25 Ocak 2011 Salı

Yaşlanıyorum

Şaka maka 2 hafta kaldı.

Bu haftayı da atlatırım da, öbür hafta epey sıkıntılı olur benim için. İçim daralır, oflarım, kabullenemem bir yılın daha hayatımdan gidiyor olduğunu ama sonra o gün gelir.

Sabah hüzünle kalkarım yataktan. Sürünerek işe giderim. Kimseye selam sabah vermem. Kabullenemem yeni yaşımı. Sabah kahvemi içerim.
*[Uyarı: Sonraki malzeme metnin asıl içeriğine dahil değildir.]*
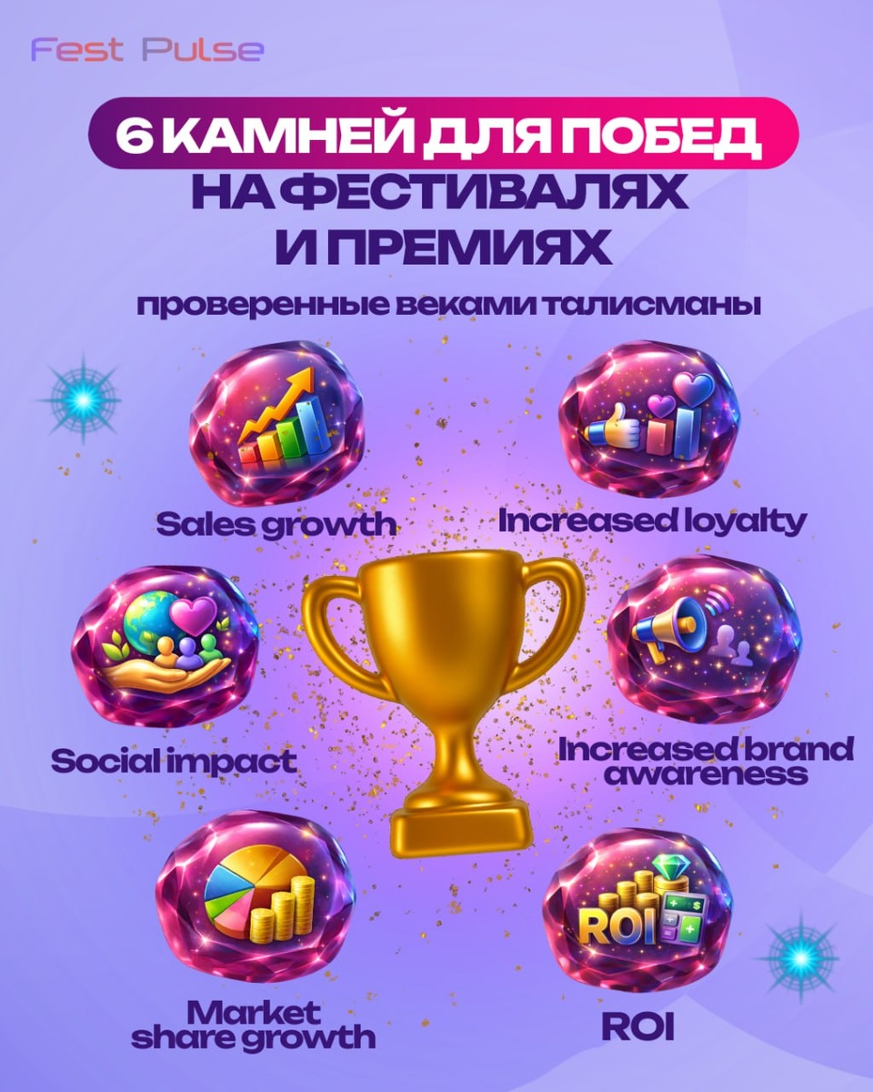 В этот предпраздничный период команда Fest Pulse открыла древний сундук с фестивальными артефактами — талисманами для побед на премиях и фестивалях... 🏆Только взгляните на это! ⭐️ Сразу предупреждаем: никакой тёмной магии и быстрых чудес. Основное волшебство по-прежнему заключено в силе кейса, идее и защите проекта. Именно на это талисманы и настраивают. Они усиливают акценты, подсвечивают главные метрики и добавляют истории нужное сияние 💜💜 Пусть в новом году талисманы работают в полную силу, кейсы говорят сами за себя, а удача приходит не случайно, а по всем правилам фестивального волшебства✨
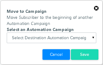 The Move to Campaign action allows you to move Contacts in one Automation Campaign to another Automation Campaign. For example, from a Welcome campaign, you may wish to move Contacts who click the Welcome message within 2 days into a Special Offer campaign, and those who do not click or open remain in the Welcome workflow to receive other reminders.
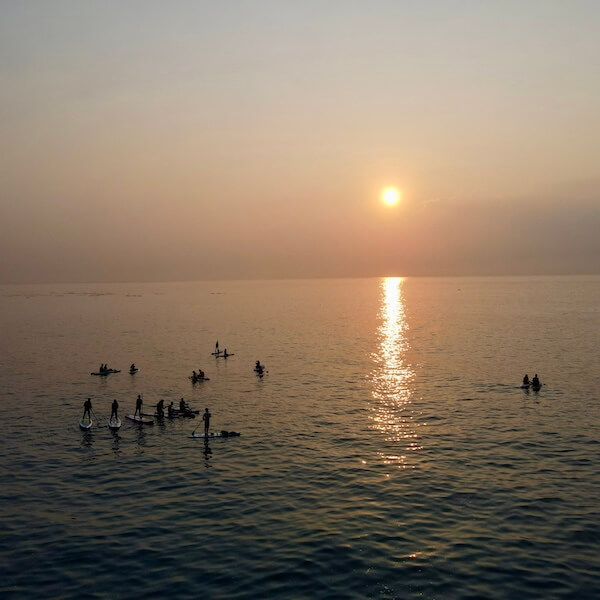 跟一群 SUP 玩家一起走向大海,感受清晨海氣。 -
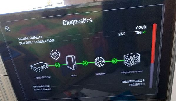 What does it say for the signal quality and connection speed in the 360's Settings > Systems> Diagnostics section? Does the diagram in that section show where the connection is failing?
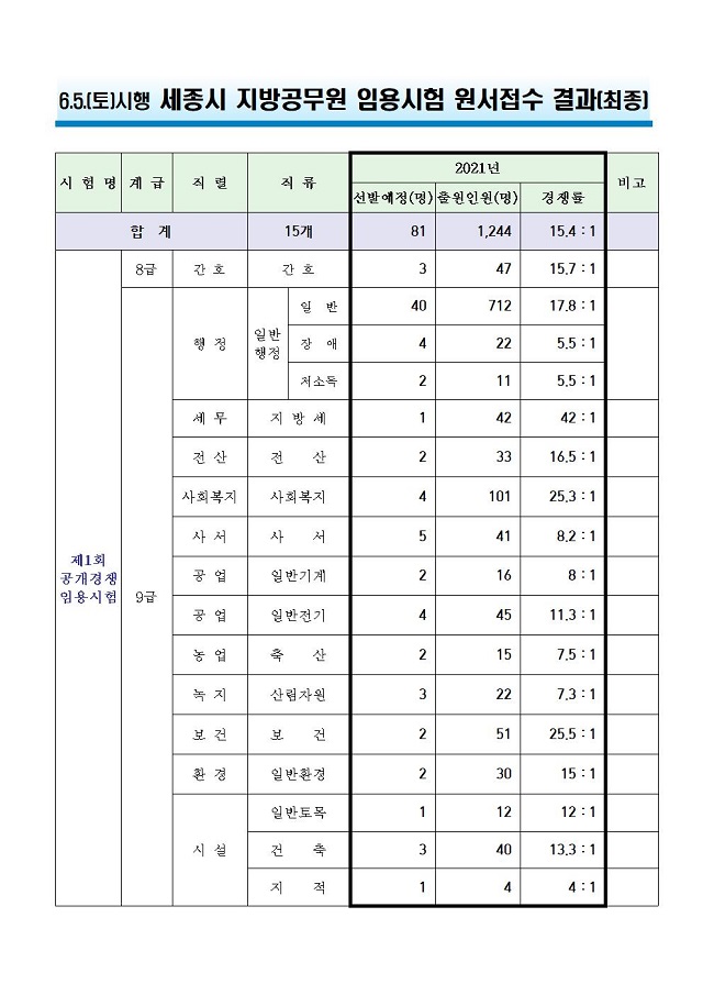 ▶ 2021년도 제1회 세종특별자치시 지방공무원 임용시험 경쟁률

O sırada günün ilk çiçeği gelir. Yüzüm biraz güler. Sonra facebooktan tebrikleri okurum. “İyi bari, öldüğümüzde cenazemiz kalabalık olacak” diye düşünürüm.

Sonra ikinci çiçek gelir. Keyfim biraz daha düzelir. Dostlar da aramaya başladığında iyicene keyiflenirim. Ohhh, derim iyi ki doğdum.
Ardından Nil Karaibrahimgil’in “İyi ki doğdum” şarkısını açarım. Bir enerji dolar içime.

İyi ki doğdum
Ne güzel bir kadın oldum
Erkekler hep peşimde
Ama aklım işimde
Sınırı zorluyorum

Artık akşama da nerde nasıl kutlarız bilmem.

Vay be, 14 gün kaldı.

Bilgen,yaşlanıyorum

22 Ocak 2011 Cumartesi

Büyüdüm

Yapmam gerekenler listesi var kafamda. Her sabah yenileniyor, yapılamayanlar duruyor üstüne yenileri ekleniyor. Ama liste hiç bitmiyor. Başını kopardığınız ejderha artık öldü derken birden boynundan iki adet baş çıkması gibi, listedekileri tamamladıkça yerine başkaları geliyor.
Bazı şıkları hiç bitiremiyorum. Uzadıkça uzuyor, sıkıntısı büyüdükçe büyüyor. Daralıyorum. Bazen bu liste hiç bitmeyecekmiş gibi geliyor ya da bittiğinde acaba hayat mı bitecek?
Sanırım zorluklarla savaşabilen bir yapıp yok ki benim, listem uzadığı zaman kaçıp gidesim geliyor. Küçük bir sahil kasabasına yerleşip, bahçeden ektiklerimle geçinmek, akşamları çayım çekirdeğim ile televizyon karşısına geçip asla yaşayamayacağım hayatları anlatan dizileri seyretmek istiyorum.
Sahil kasabası özlemi duymaya başlamışsam eğer büyümüşümdür di mi?